Wednesday, February 1, 2012

Black History Month 2012-

ETTA JAMES R.I.P. (January 25, 1938 - January 20, 2012)

ETTA JAMES R.I.P. (January 25, 1938 - January 20, 2012)

Winner of six Grammys and 17 Blues Music Awards. Inducted into the Rock & Roll Hall of Fame in 1993, the Blues Hall of Fame in 2001, and the Grammy Hall of Fame in both 1999 and 2008. Ranked number 22 on Rolling Stone's list of 100 Greatest Singers of All Time and number 62 on the list of the 100 Greatest Artists.

Greatest hits include "Dance With Me, Henry", "At Last", "Tell Mama", and "I'd Rather Go Blind."

Josephine Baker herself

Miss Jo

Studio Harcourt

I think Miss Jo looks gorgeous in this image. I have never seen her in a photo like this, She looks so elegant and beautiful.

The Bronze Bombshell

The Bronze Bombshell

Joyce Bryant
Philippe Halsman, Photographer

Joyce Bryant, "the Bronze Blond Bombshell," never achieved Eartha Kitt or Lena Horne popularity, but the supper club chanteuse is still fondly remembered. The four octave singer, aka the black Marilyn Monroe, "the Voice You'll Always Remember," and "the Belter," was born in Oakland, CA, but raised in San Francisco (the oldest of eight children).

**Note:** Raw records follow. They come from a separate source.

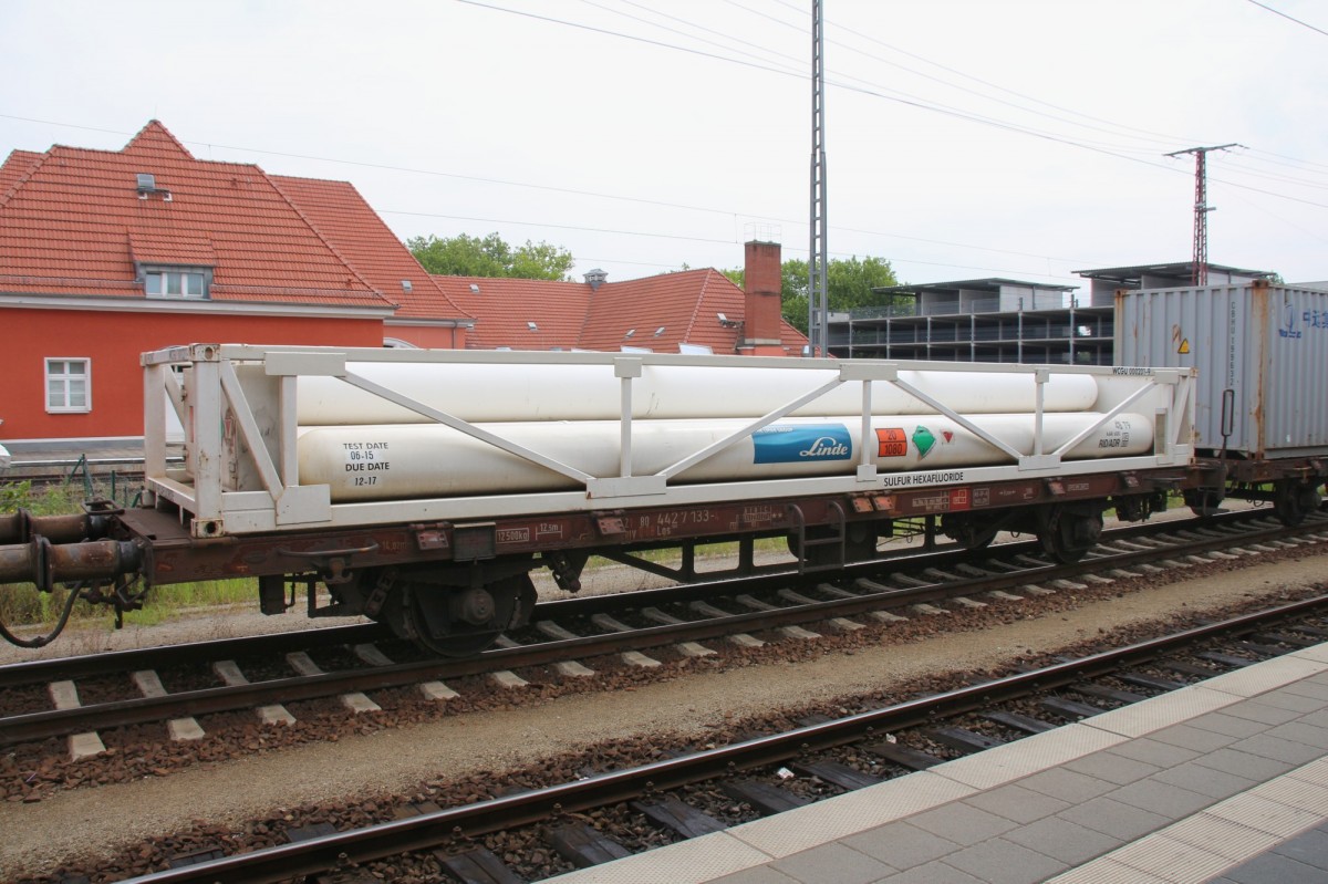 27.6.2015 Frankfurt/O. Spezialwagen mit Aufschrift "Sulfur Hexafluride, RID/ADR AAR 600,48 T9"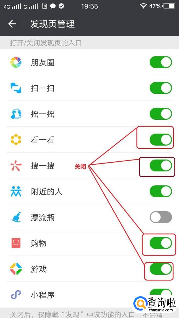 发现里面只要是打开了的按钮,在发现页就有显示,我们把平常不用的关掉,再试试吧。转到发现页,果然发现界面简单了很多。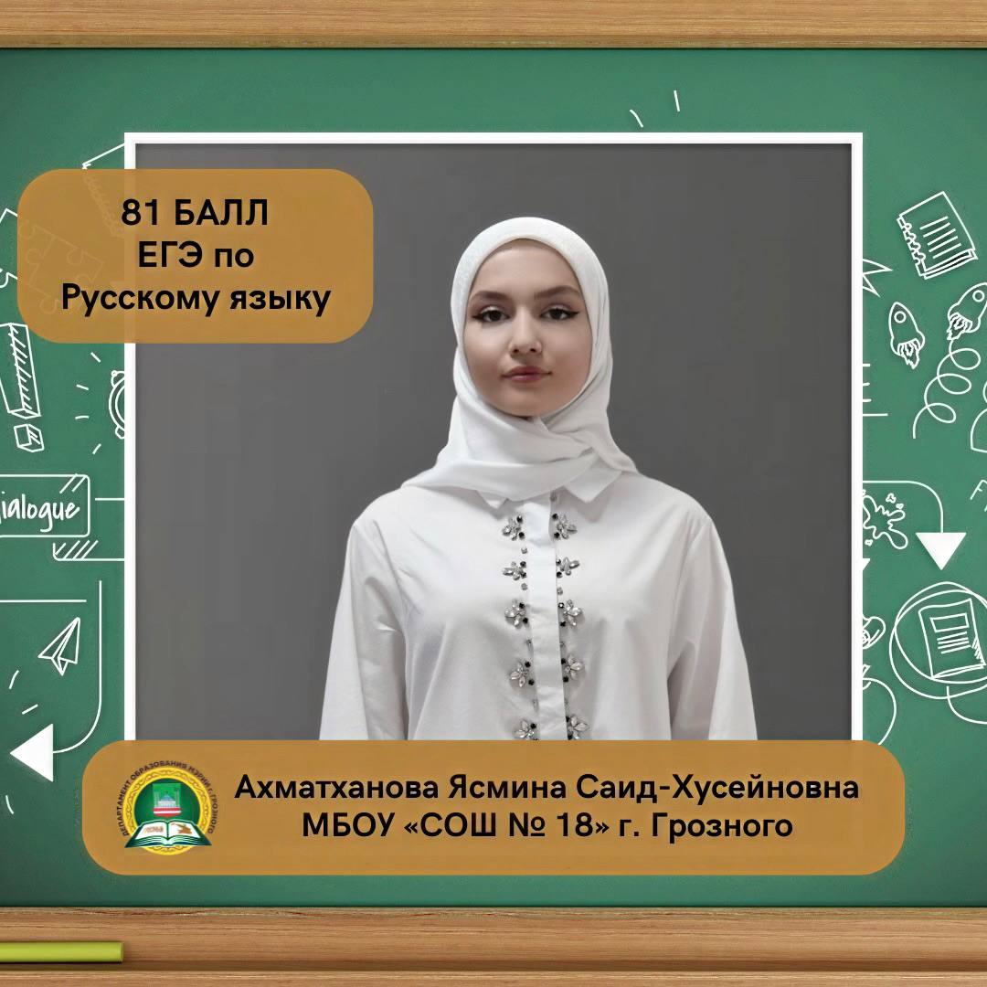 Ахматханова Ясмина Саид-Хусейновна, ученица МБОУ «СОШ № 18» г. Грозного, набрала на ЕГЭ 81 балл по русскому языку.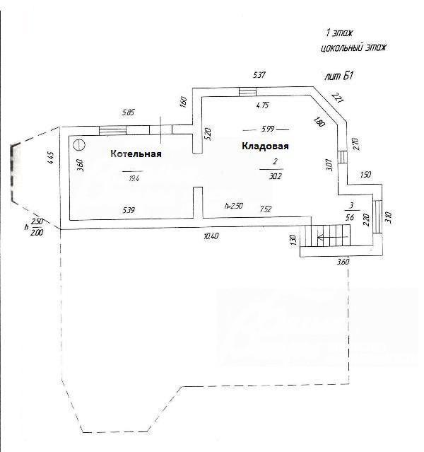 Цоколь: коридор, котельная 19 кв.м, кладовая 30 кв.м

Her act was outrageously sexy; she wore provocative, tight, backless, cleavage-revealing mermaid dresses that left little to the imagination and they were so tight, she had to be carried off-stage. Supposedly, Bryant twisted so much she lost four pounds a performance. Bryant's hair was naturally black, but not wanting to be upstaged by Josephine Baker at a club, she doused it with silver radiator paint, slithered into a tight silver dress and voila: the Bronze Blond Bombshell and even Baker was impressed.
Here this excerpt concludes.